## THE PROBLEM
Exactly reproduce the lines of the listing below from the one containing "Bukti Kemenangan 04" through the one containing "إذا كنت تريدين". Skip the images.

## SUPPLIED MATERIAL
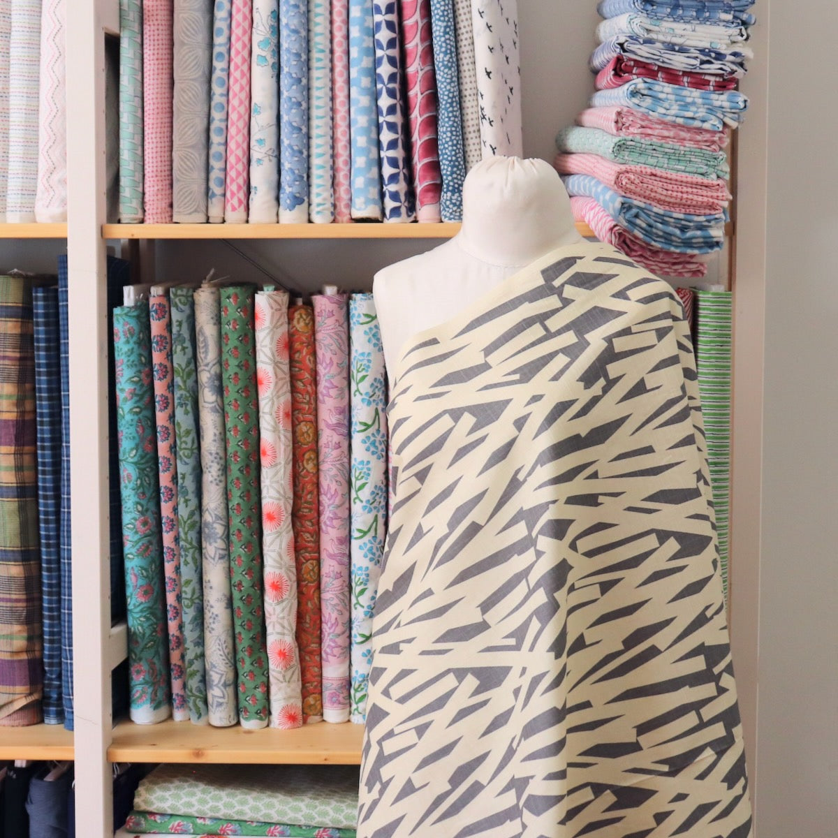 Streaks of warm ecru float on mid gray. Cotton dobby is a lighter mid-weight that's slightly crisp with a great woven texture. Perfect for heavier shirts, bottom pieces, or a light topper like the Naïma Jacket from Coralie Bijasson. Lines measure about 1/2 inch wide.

...

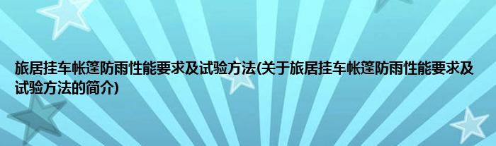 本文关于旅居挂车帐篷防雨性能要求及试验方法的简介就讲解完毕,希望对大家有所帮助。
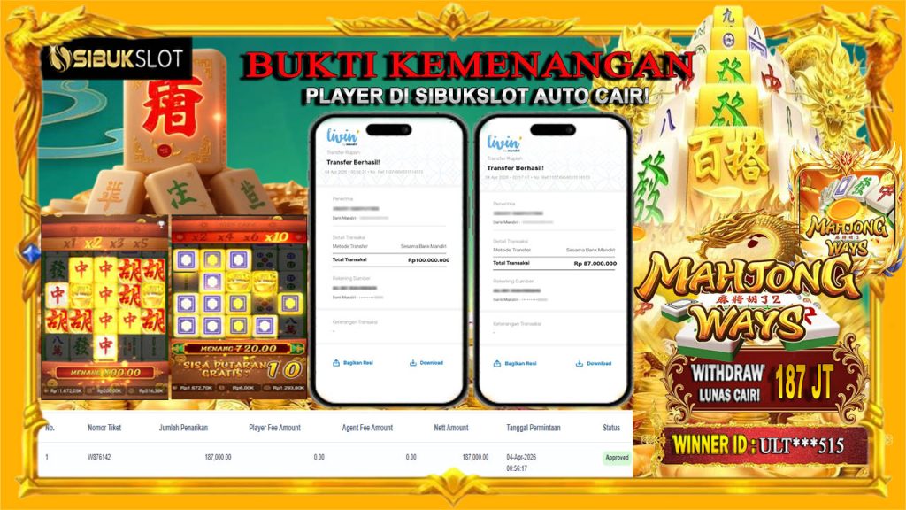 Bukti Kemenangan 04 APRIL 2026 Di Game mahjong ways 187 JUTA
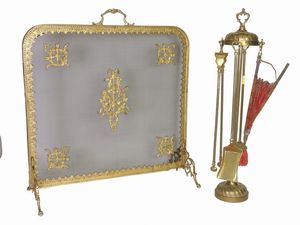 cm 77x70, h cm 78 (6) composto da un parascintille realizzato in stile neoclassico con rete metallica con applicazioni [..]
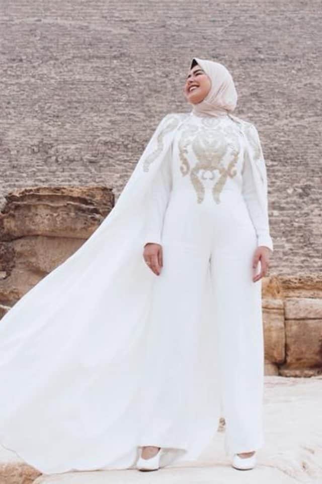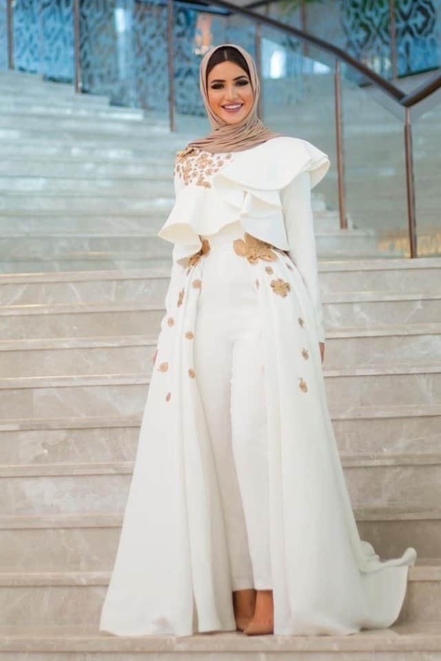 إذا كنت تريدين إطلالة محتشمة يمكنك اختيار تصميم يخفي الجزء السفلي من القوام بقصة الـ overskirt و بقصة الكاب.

--

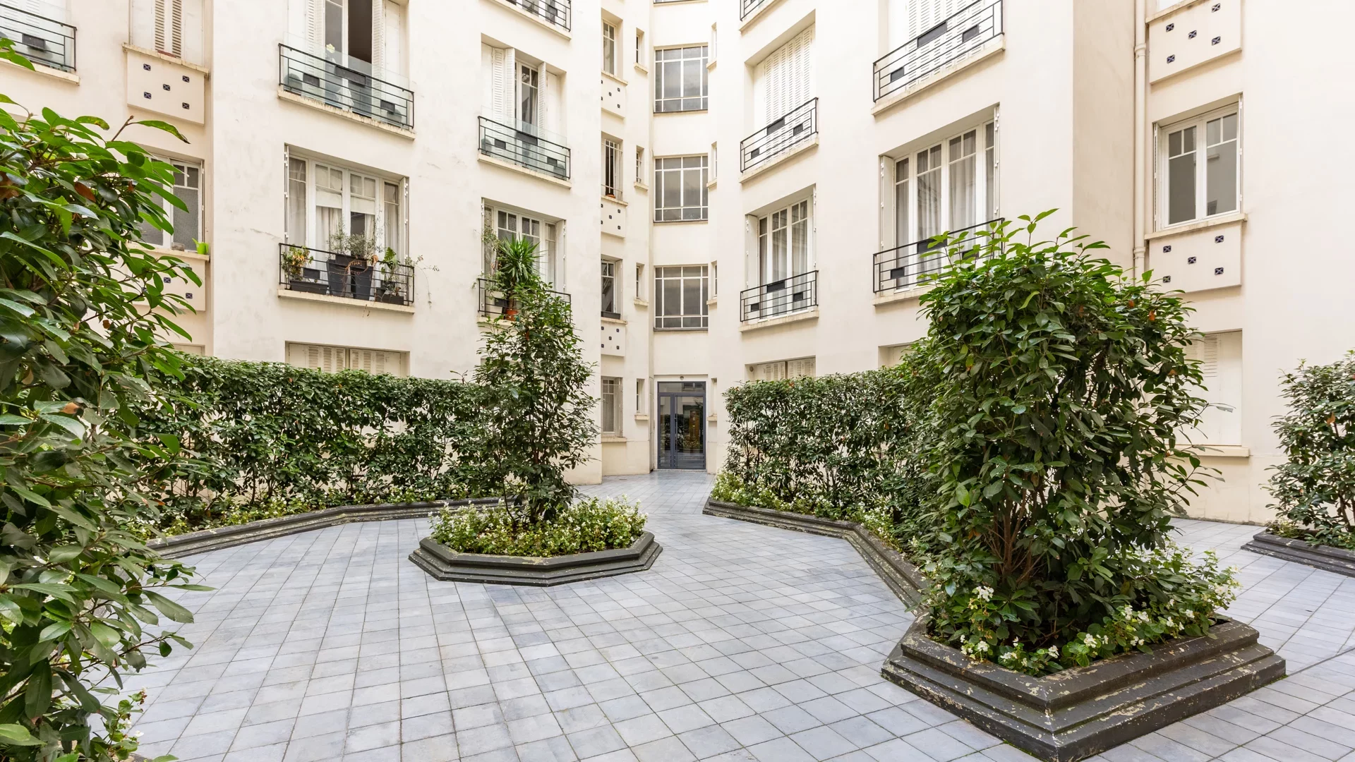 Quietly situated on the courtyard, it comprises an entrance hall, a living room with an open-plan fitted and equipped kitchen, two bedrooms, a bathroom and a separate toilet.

## REPLY TO THE TASK
 Bukti Kemenangan 04 APRIL 2026 Di Game mahjong ways 187 JUTA
 cm 77x70, h cm 78 (6) composto da un parascintille realizzato in stile neoclassico con rete metallica con applicazioni [..]
 إذا كنت تريدين إطلالة محتشمة يمكنك اختيار تصميم يخفي الجزء السفلي من القوام بقصة الـ overskirt و بقصة الكاب.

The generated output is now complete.